Estimation statistics is a data analysis framework that uses a combination of effect sizes, confidence intervals, precision planning and meta-analysis to plan experiments, analyze data and interpret results. It is distinct from null hypothesis significance testing (NHST), which is considered to be less informative. Estimation statistics, or simply estimation, is also known as the new statistics, a distinction introduced in the fields of psychology, medical research, life sciences and a wide range of other experimental sciences where NHST still remains prevalent, despite estimation statistics having been recommended as preferable for several decades.
The primary aim of estimation methods is to estimate the size of an effect and report an effect size along with its confidence intervals, the latter of which is related to the precision of the estimate. Estimation at its core involves analyzing data to obtain a point estimate (an effect size calculated from data used as estimate of the population effect size) and an interval estimate that summarizes a range of likely values of the underlying population effect. Proponents of estimation see reporting a p-value as an unhelpful distraction from the important business of reporting an effect size with its confidence intervals, and believe that estimation should replace significance testing for data analysis.
Physics has for long employed a weighted averages method that is similar to meta-analysis.

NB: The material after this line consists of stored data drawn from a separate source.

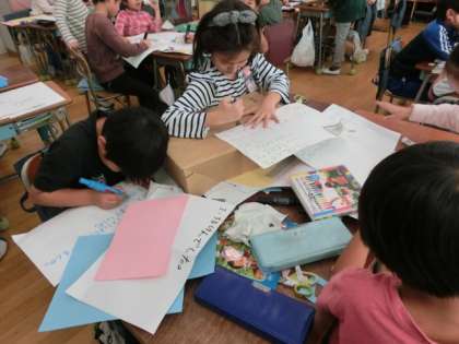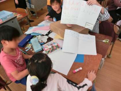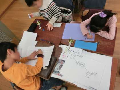 こちらは、町たんけんの発表会に向けて、グループで準備をしています。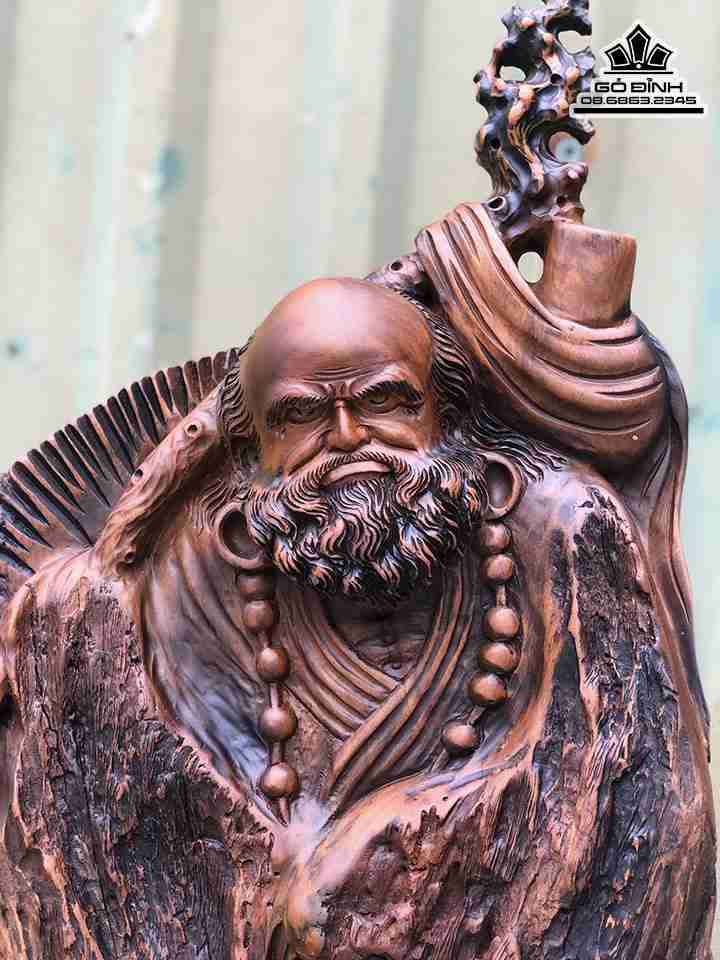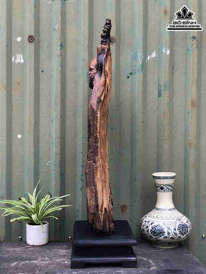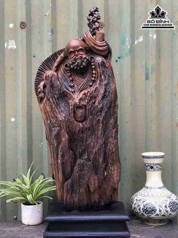 Tượng Đạt Ma Sư Tổ Gỗ Giáo Hóa Gỗ Lũa Bách Xanh Cao 68 Ngang 28 Sâu 10 (cm)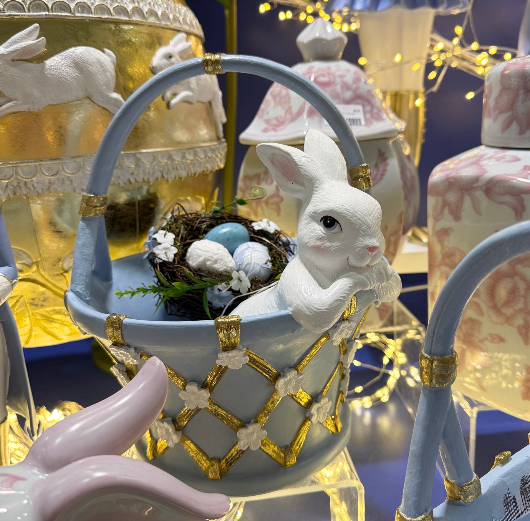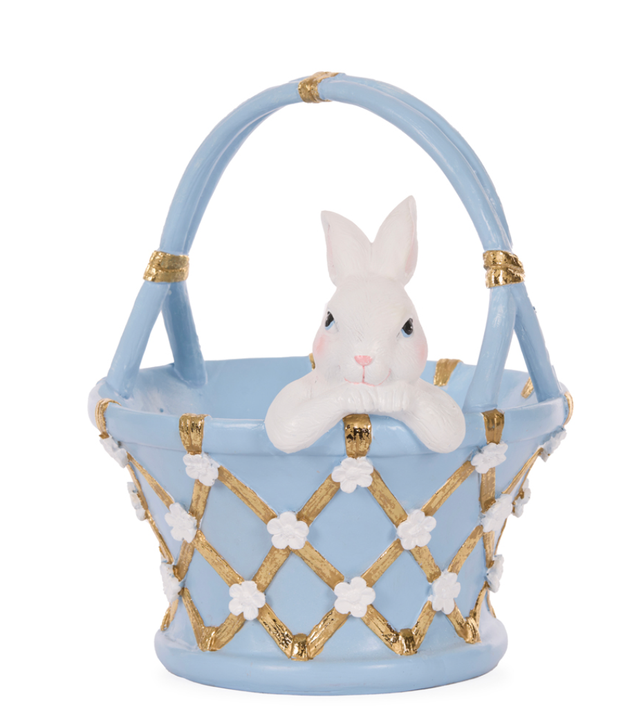 Another favourite from last year is here with us again. This delightful piece in blue with intricate detailing in gold and white. Cute white bunny hangs over the side waiting for eggs to fill this eye catching basket.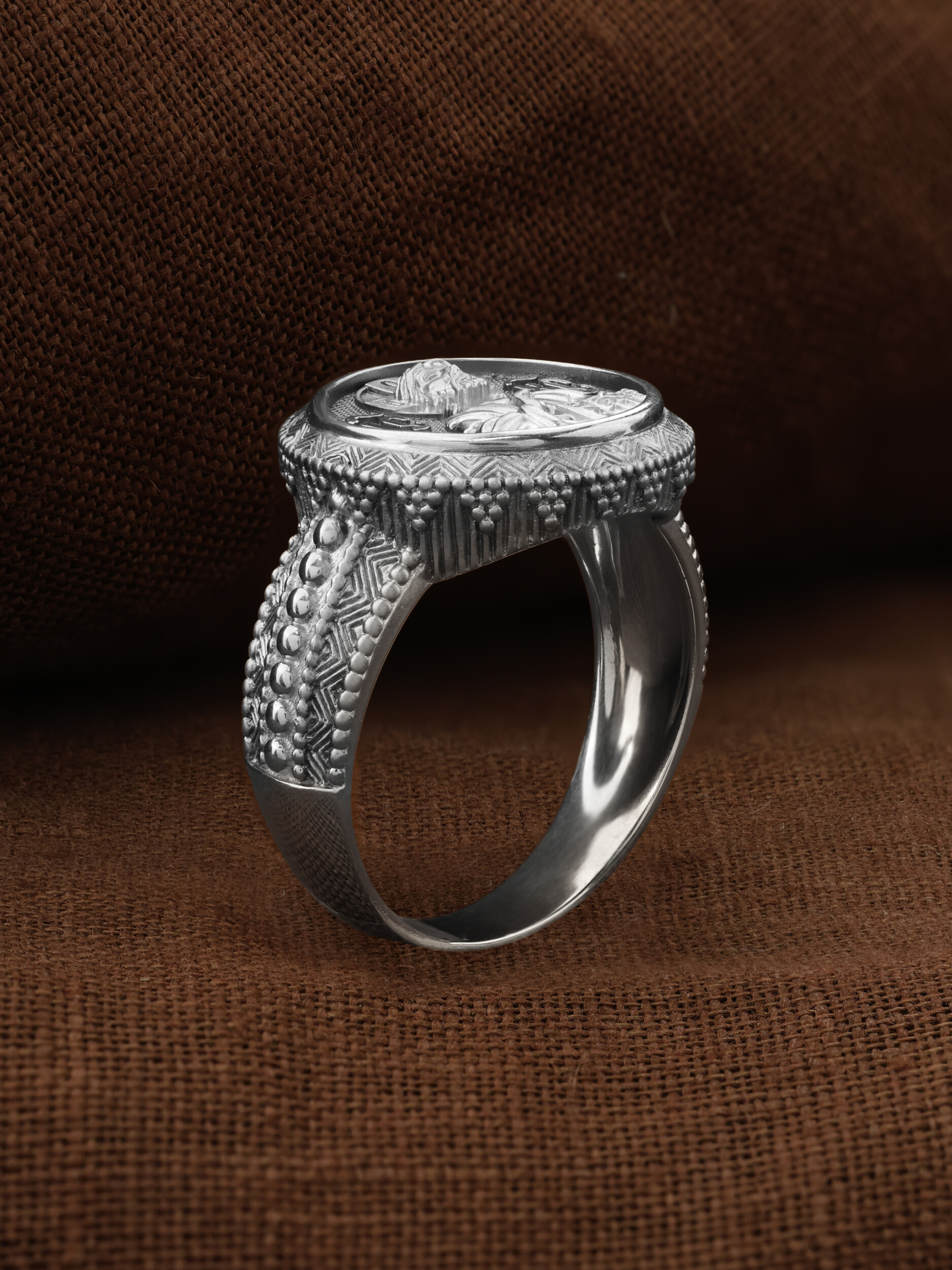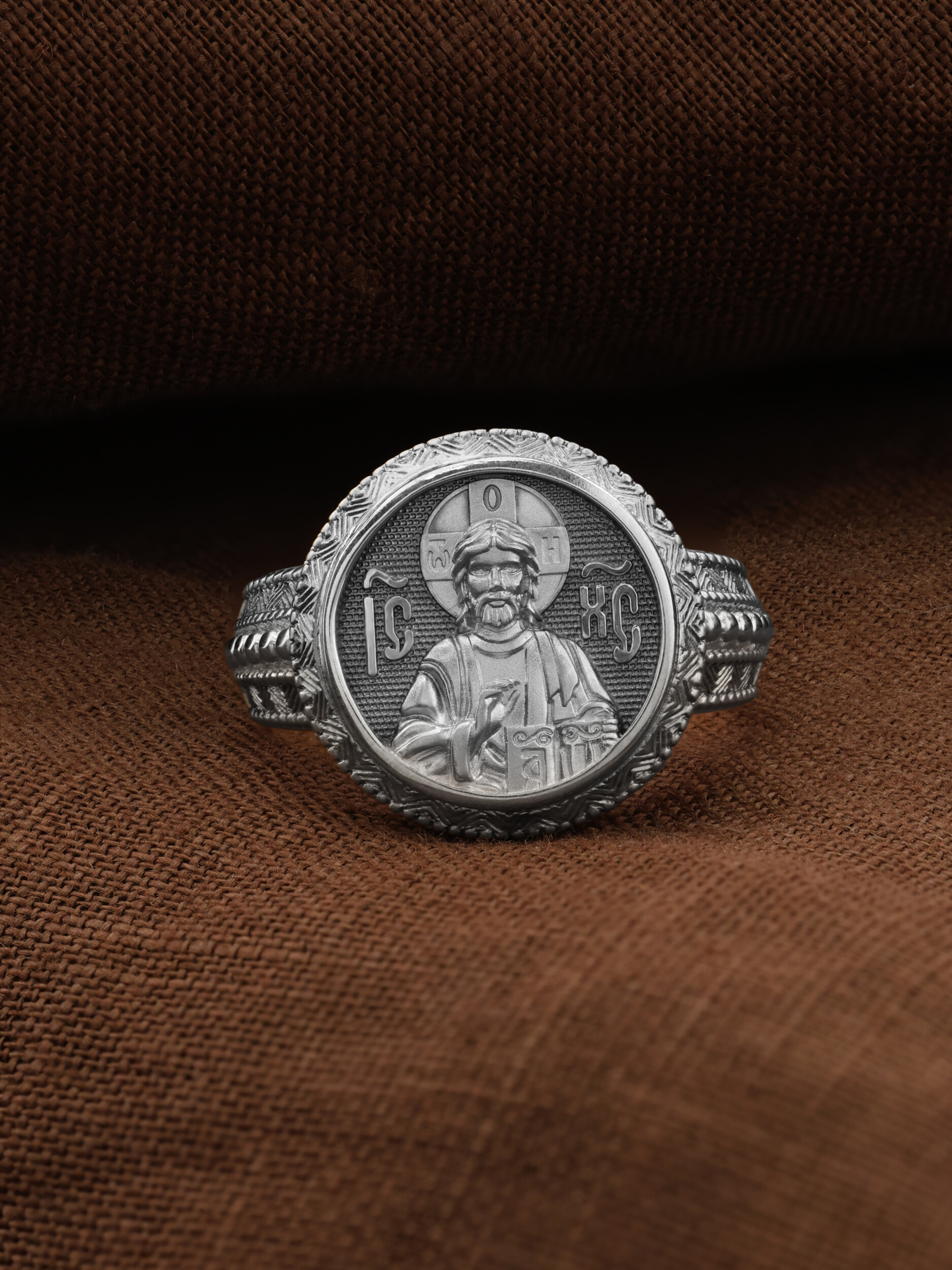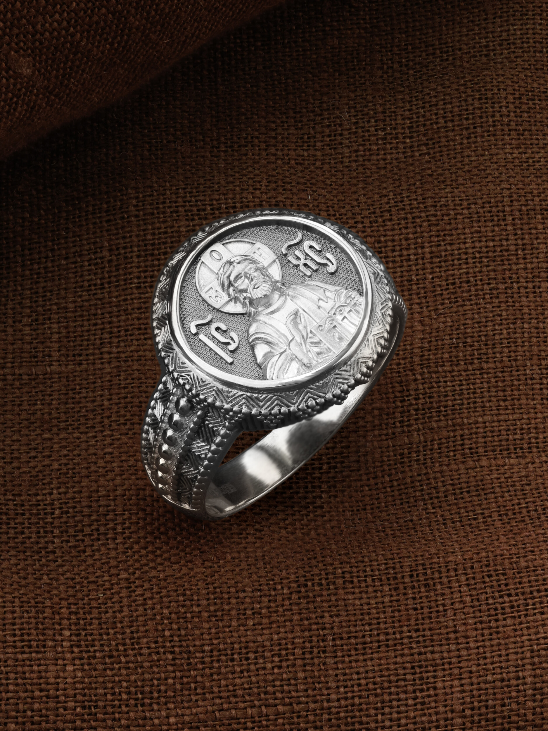 Кольцо «Господь Вседержитель» выполнено в древних христианских традициях. Господь Вседержитель или Пантократор (от греч. всевластный, всесильный). Он представлен как Царь Небесный и будущий Судия мира. Именование Иисуса «Вседержителем» указывает, с одной стороны, на Его Божественную природу: «Аз есмь Альфа и Омега, начало и конец, говорит Господь, Который есть и был и грядет, Вседержитель» (Откр. 1: 8). С другой стороны, такое именование связано и с человеческой природой Христа, искупившего крестной жертвой людские грехи и обновившего тем самым человеческую природу. Господь Иисусь Христос изображен фронтально огрудно. Главу Спасителя осеняет нимб, на нем угадывается крест. Крест символизирует голгофскую жертву Спасителя. По греческой традиции, на нимбе написаны буквы Омега, Омикрон, Ню — вместе они обозначают слово Сущий, одно из имен и характеристику Бога, согласно Священному Писанию. Правой рукой Он благословляет, а левой держит Евангелие — благую весть, принесенную Христом всему миру. Также означает она тот новый мир, который будет сотворен Богом после второго пришествия Христа. Символизирует и Книгу Жизни, где записаны имена всех, возлюбивших Бога. Всемогущий Бог предстает здесь не как обличающий судья, а как милостивый отец, ждущий возвращения блудных детей.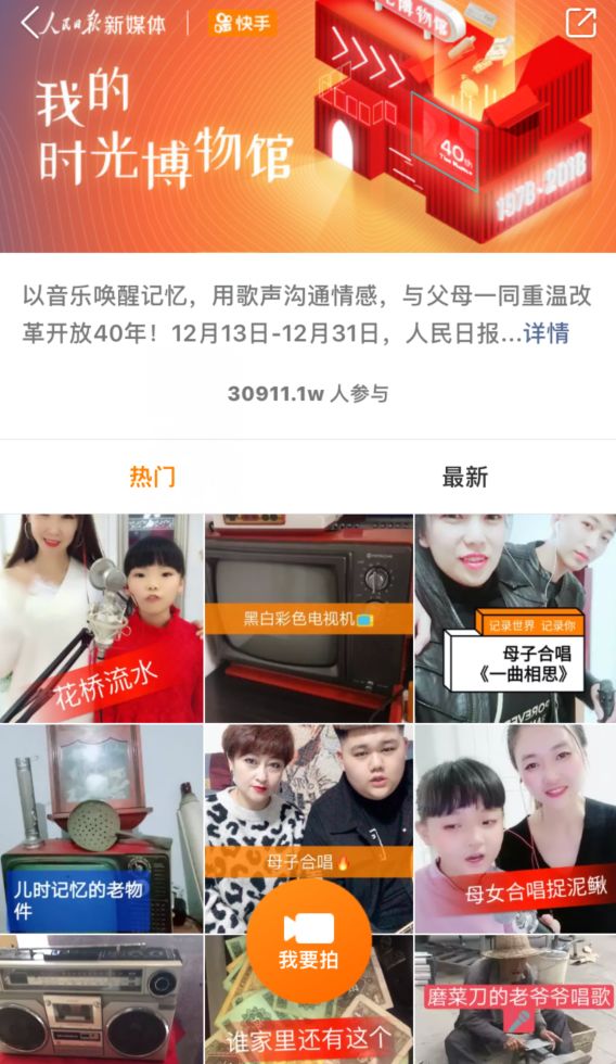 与此同时,人民日报新媒体还结合年轻受众的触媒习惯,在快手APP上发起#我的时光博物馆#话题,邀请KOL探馆体验,并面向大众征集带有年代印记的老物件视频,调动了大众的参与热情,目前该话题参与人数已经超过了3亿人次。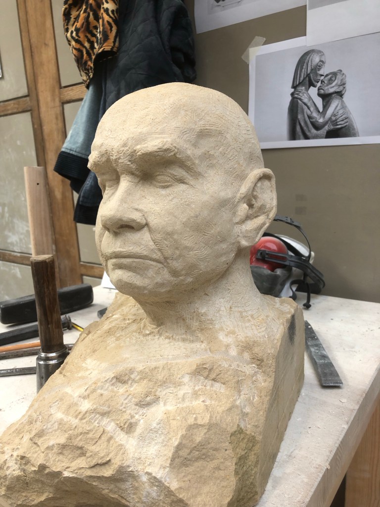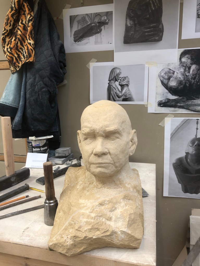 Continued on ears a little but mostly worked the eyes and brows. Will talk to tutors Monday but I think I’m finished. Will grind the base down and then make the neck work. Happy with progress. Will store this after the beginning of this week and come back at the end of the year.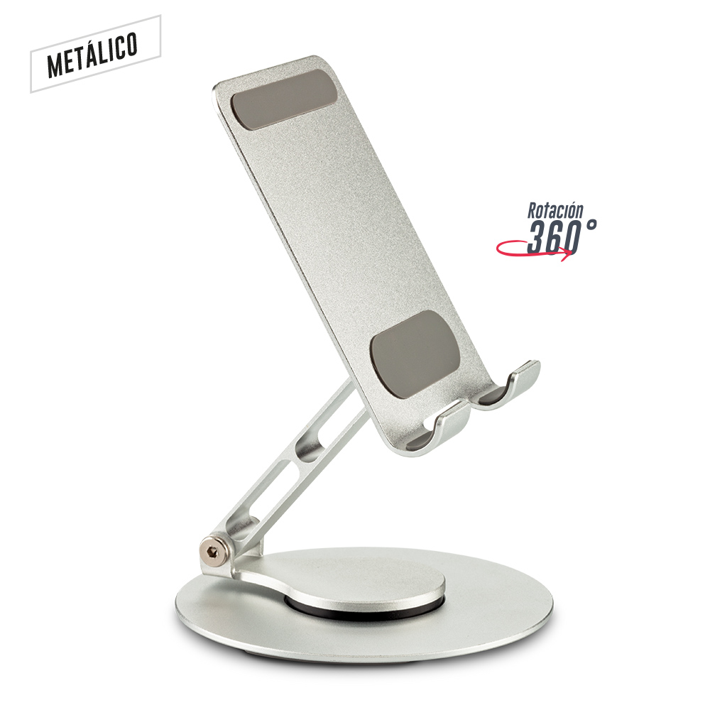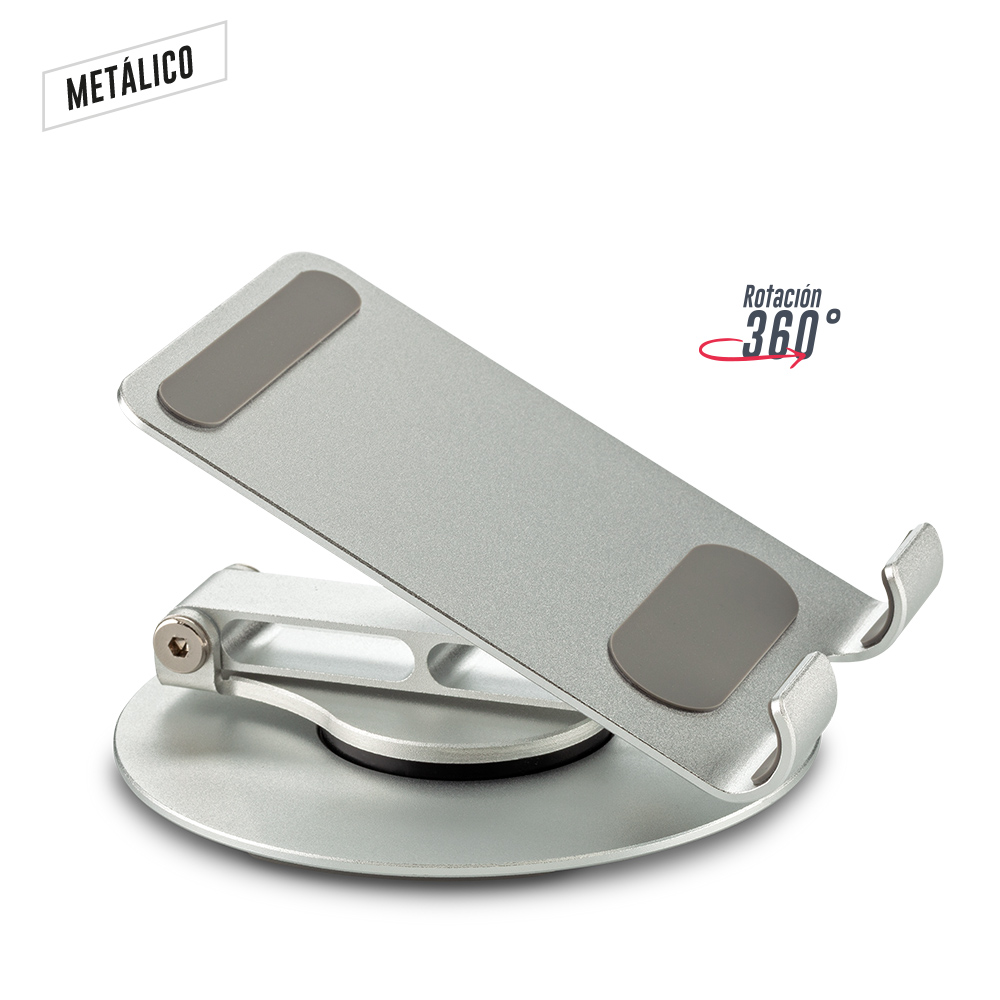 Soporte metálico plegable y escualizable con rotación de 360°. Accesorios antideslizantes en silicona. Empaque caja individual.

Estimation statistics in the modern era started with the development of the standardized effect size by Jacob Cohen in the 1960s. Research synthesis using estimation statistics was pioneered by Gene V. Glass with the development of the method of meta-analysis in the 1970s. Estimation methods have been refined since by Larry Hedges, Michael Borenstein, Doug Altman, Martin Gardner, Geoff Cumming and others. The systematic review, in conjunction with meta-analysis, is a related technique with widespread use in medical research. There are now over 60,000 citations to "meta-analysis" in PubMed. Despite the widespread adoption of meta-analysis, the estimation framework is still not routinely used in primary biomedical research.